Tracheal intubation following laryngoscopy is associated with a sympathetic surge due to noxious stimulation, resulting in tachycardia and hypertension, which may be detrimental, especially in patients with cardiovascular or cerebrovascular comorbidities¹. Various pharmacological agents such as opioids, beta-blockers, and calcium channel blockers have been employed to mitigate these responses, but their effectiveness varies, and they are often associated with side effects².

Dexmedetomidine, a selective α2-adrenoceptor agonist, has gained attention for its sedative, analgesic, and sympatholytic properties³. By reducing central sympathetic outflow and enhancing vagal activity, dexmedetomidine can blunt cardiovascular responses to noxious stimuli without significant respiratory depression⁴. Its use in anesthesia induction and perioperative care has expanded in recent years⁵.

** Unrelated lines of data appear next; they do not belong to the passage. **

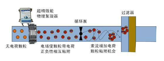 強(qiáng)磁高頻除垢儀產(chǎn)生電場作用于電荷,并施加給通過設(shè)備的微小顆粒,顆 粒所帶電荷的正負(fù)性將使顆粒粘附在一起。在有大量紊流的地方,這樣的粘附機(jī) 會就會大大增加。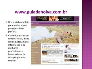Este documento descreve os serviços de publicidade oferecidos pelo portal www.guiadanoiva.com.br para auxiliar no planejamento de casamentos. O site oferece banners, anúncios fixos e matérias patrocinadas para divulgar profissionais e fornecedores de serviços para eventos. Os planos começam a partir de R$50 para anúncios simples e R$125 para banners.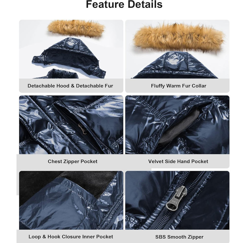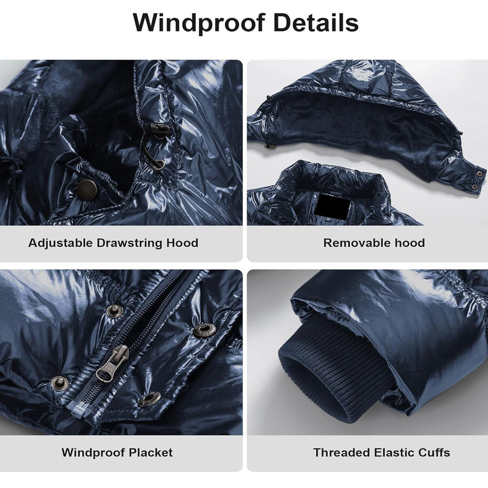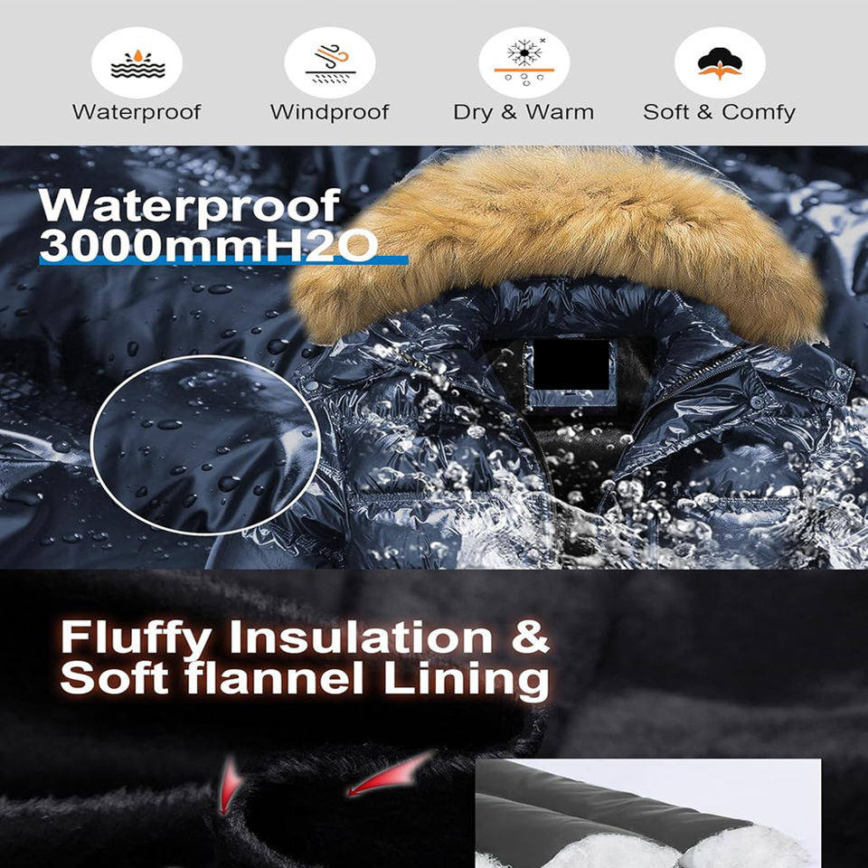 แจ็กเก็ตขนปุยสีกรมท่าสำหรับผู้ชาย, เสื้อคลุมกันลมให้ความอบอุ่นสำหรับเล่นสกีกันลมกันน้ำเสื้อแจ็กเก็ตขนเทียมที่ถอดออกได้สำหรับฤดูหนาว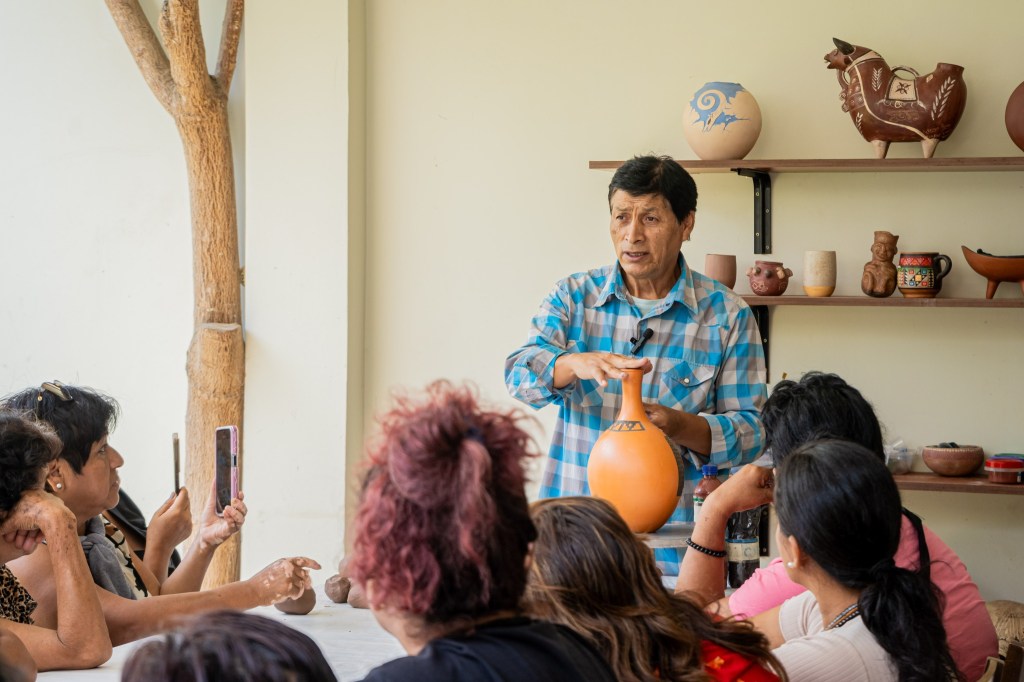 En esta experiencia formativa, se realizó una visita al reconocido taller artesanal del Sr. Moisés Paucar, ubicado en el distrito de Supe, un espacio emblemático donde el talento, la tradición y la identidad cultural se mantienen vivos a través del trabajo artesanal. Durante la visita, las participantes pudieron conocer nuevas líneas de producción, técnicas innovadoras y recibir orientación clave para la implementación y fortalecimiento de talleres artesanales con enfoque turístico.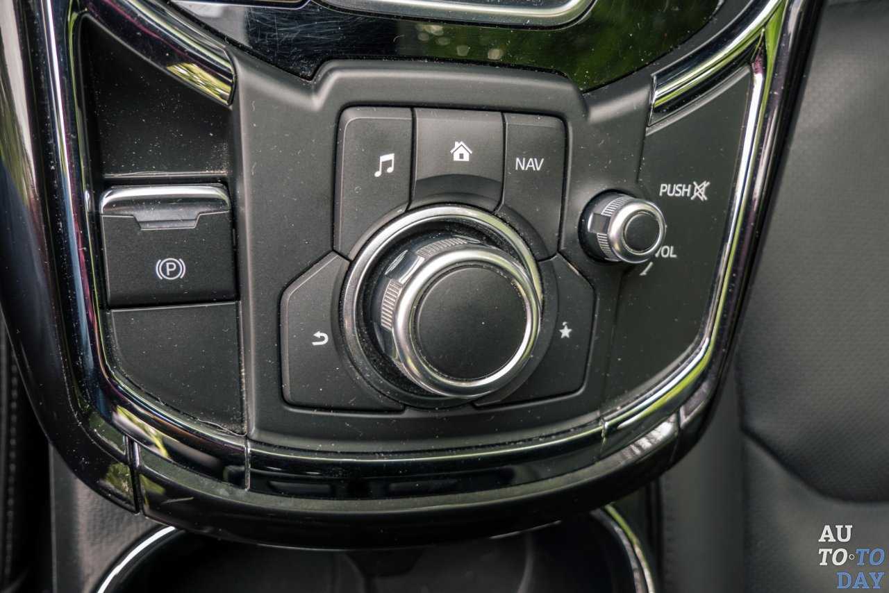 Интерьеры всех современных «Мазд» похожи, как две капли воды. Но японские дизайнеры и инженеры все же попытали немного выделить своего флагмана. В первую очередь, в глаза бросается широкая полоса из полированного алюминия на торпедо, идея которой продолжается на дверных картах. Также от меньших кроссоверов салон героя нашего теста выгодно отличается широким двухсоставным подлокотником, к которому не нужно тянуться локтем. 8-дюймовый дисплей с хорошо знакомой серо-красной графикой на скорости свыше 8 км/ч перестает быть сенсорным, и все управление передается на блок джойстика и клавиш на центральном тоннеле. Аудиосистема Bose создает торжественную атмосферу в салоне, позволяя настроить звук в конкретной зоне (спереди, или сзади).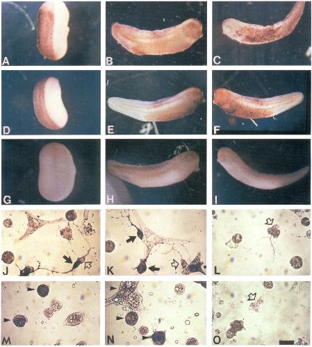 in the spinal cord and other neuronal structures, but no difference in staining intensity was found between the two sides of the embryo. J and K,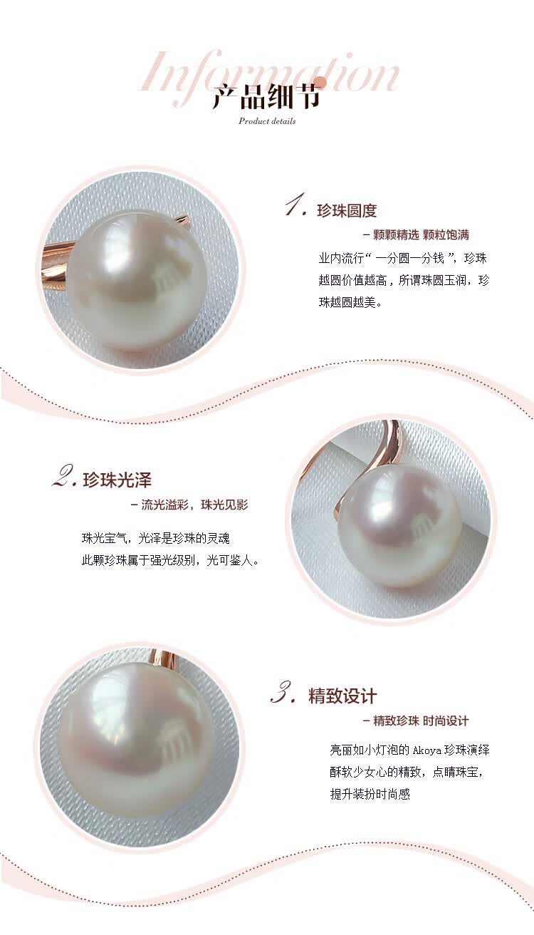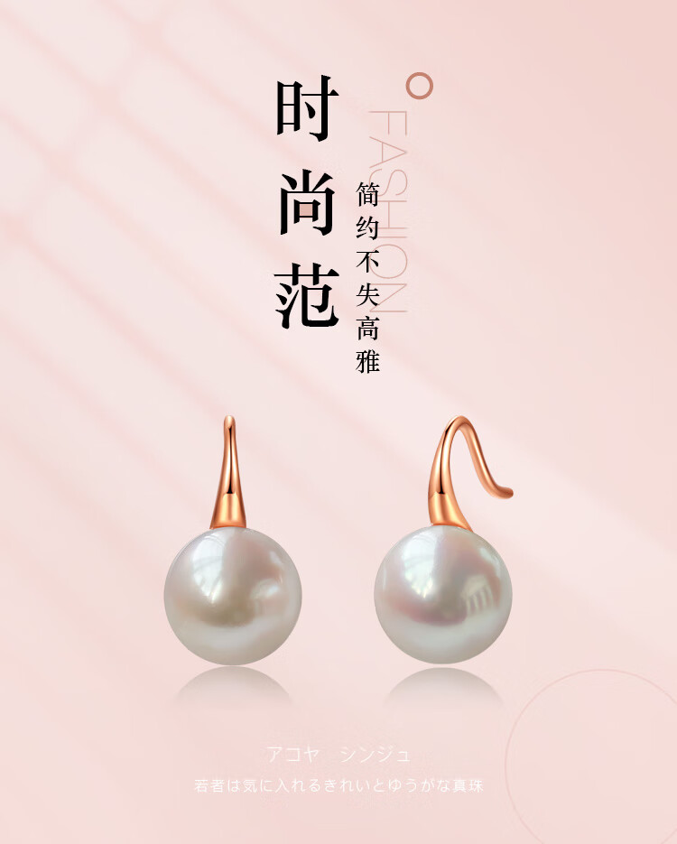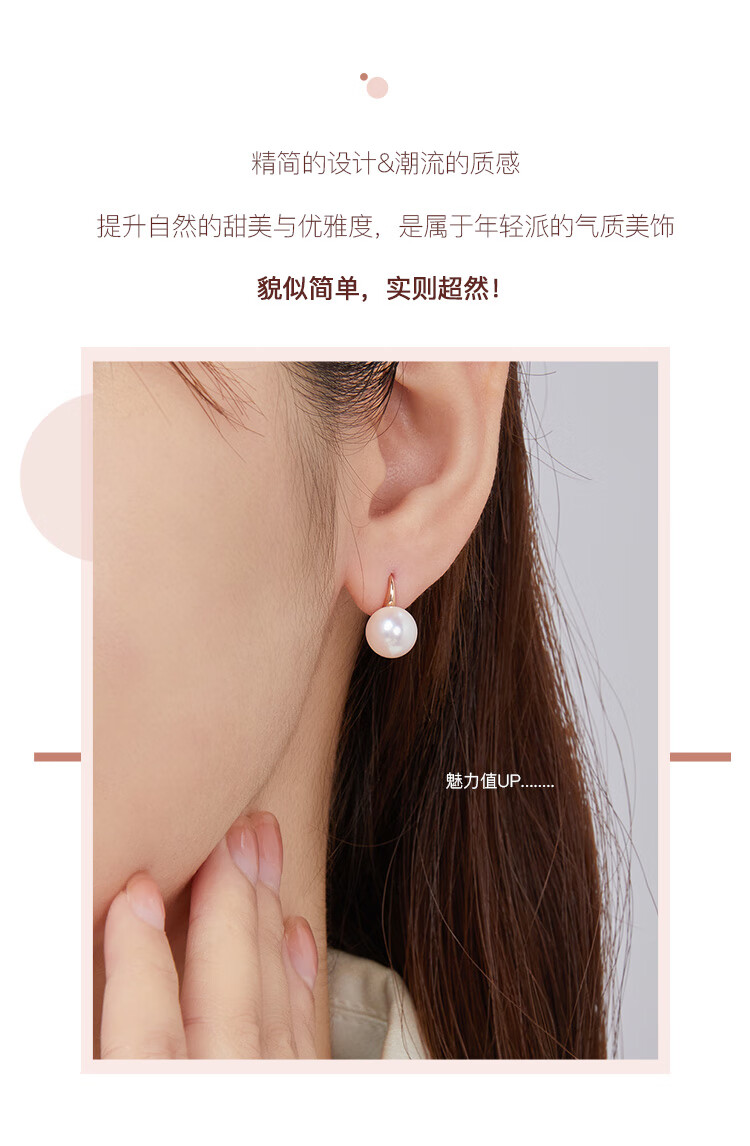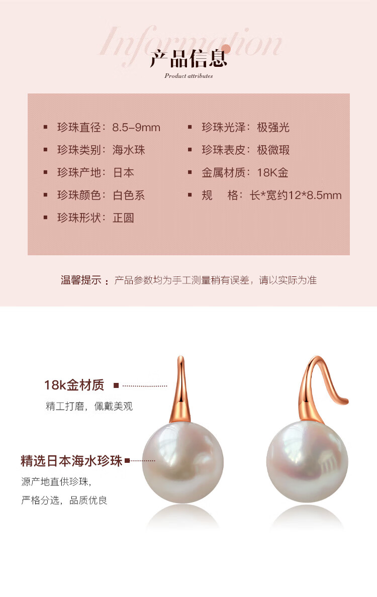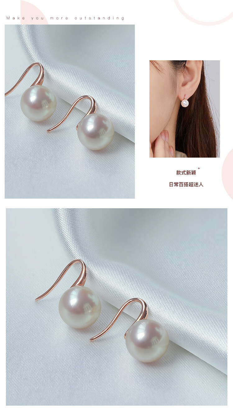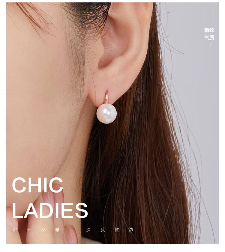 珍珠皇后 18K金珍珠耳饰 日本Akoya8.5-9mm海水珍珠耳环/轻奢职场风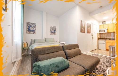 Stay in our beautifully updated and thoughtfully decorated studio. This cozy space comes equipped with WiFi, TV, and AC. Centrally located near top attractions and public transit, you're just steps away from Empire State Building, Murray Hill restaurants, and seamless subway access.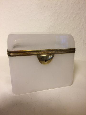 Sukkeskrin eller kandisskrin i lys opalineglas med messingmontering.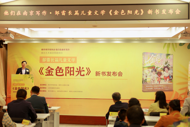 10月19日,著名作家邹雷长篇儿童文学《金色阳光》新书发布会在南京南汽大厦一楼报告厅成功举办。活动由南京市作家协会、南京江北新区文联联合主办,江苏凤凰美术出版社协办,南京创意中心、南京世界文学客厅、南京江北新区作家协会共同承办。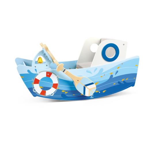 Лодката е изработена от висококачествено дърво с безопасни и устойчиви бои. Всички части са проектирани да издържат на интензивна игра, като същевременно са безопасни за малки ръчички. Омекотената седалка осигурява комфорт и уют при игра, а декоративните морски мотиви стимулират визуалното възприятие и въображението.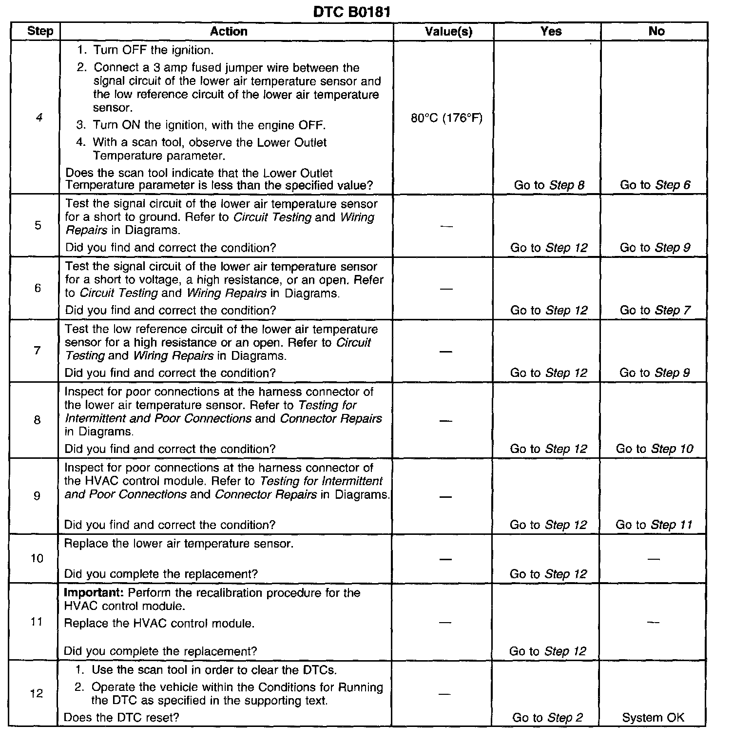 ^ The DTC becomes history when the HVAC control module no longer detects a failure.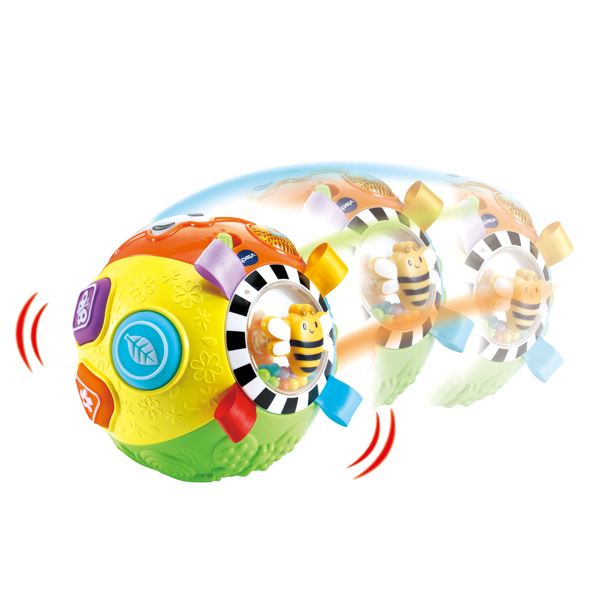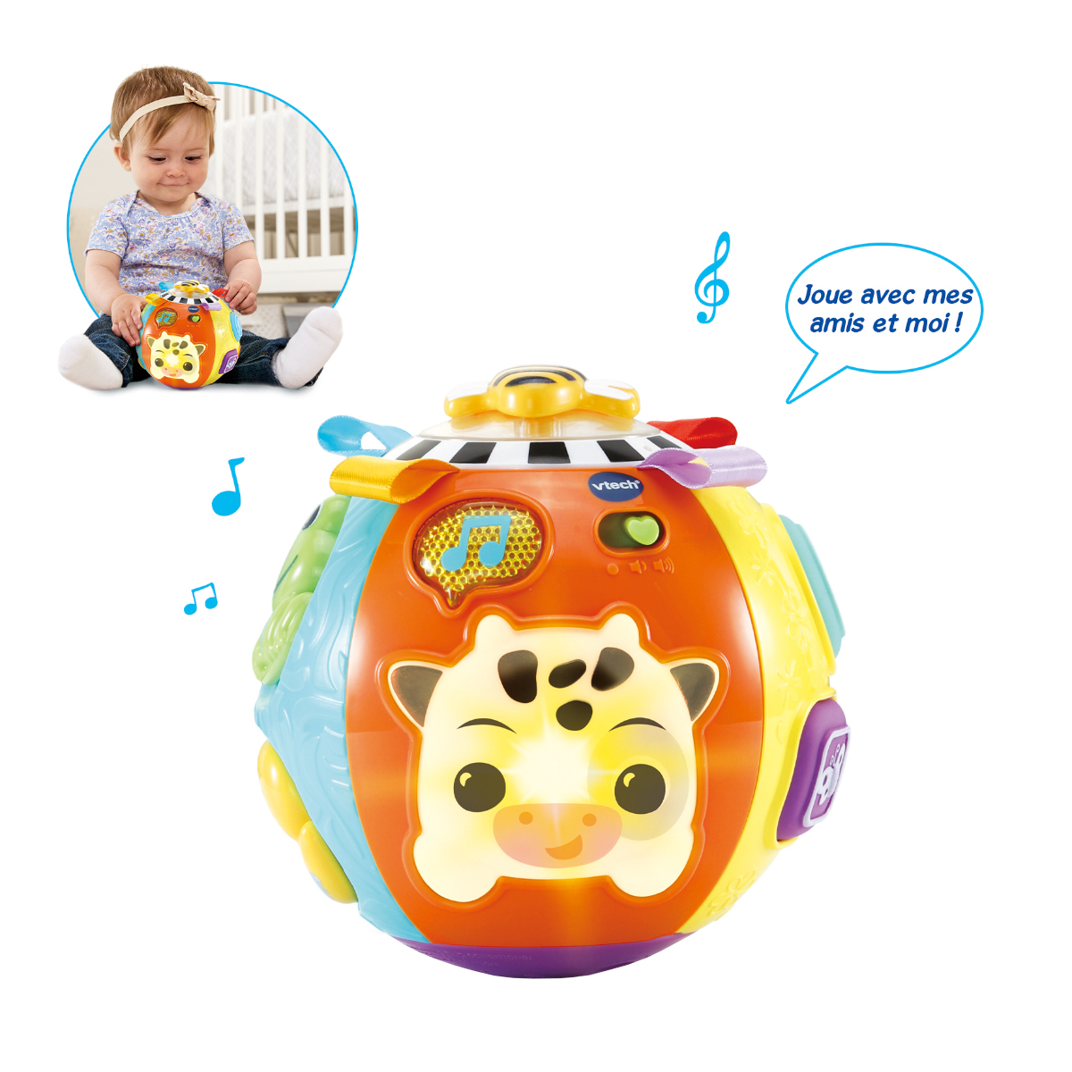 Plaisir coloré de rouler! Balle de jeu colorée avec 5 surfaces de jeu différentes, qui encourage à ramper après elle. 3 modes de jeu: Bouton vache (phrases, mélodies, chansons et sons sont joués), capteur de mouvement (déclenche des sons lorsque la balle roule) et boutons de forme (déclenchent des réponses, des mélodies et des sons). Éléments en tissu coloré (rubans sur le dessus) développent le sens du toucher. Lorsque la balle bouge, les perles colorées sur le dessus de la balle font du bruit. Contenus éducatifs: musique & sons, formes, perception tactile, développement des compétences motrices et encouragement. 3 grands boutons souples en plastique de différentes formes. Bouton vache: la vache s'illumine de différentes couleurs en fonction des contenus joués. Le canard et la grenouille peuvent être déplacés. Abeille rotative sur le dessus de la balle. 3 chansons chantées et 15 mélodies. Compartiment à piles sécurisé pour enfants, arrêt automatique et réglage du volume.

Previous studies have investigated the effectiveness of dexmedetomidine in attenuating haemodynamic changes during laryngoscopy and intubation⁶. Most of these studies have employed a dose of 1 μg/kg, administered over 10 minutes prior to induction, and have shown favorable outcomes in terms of stability of heart rate and blood pressure⁷. However, higher doses may also be associated with adverse effects such as bradycardia and hypotension⁸. Thus, there is growing interest in exploring lower doses that might achieve adequate haemodynamic control while minimizing side effects⁹.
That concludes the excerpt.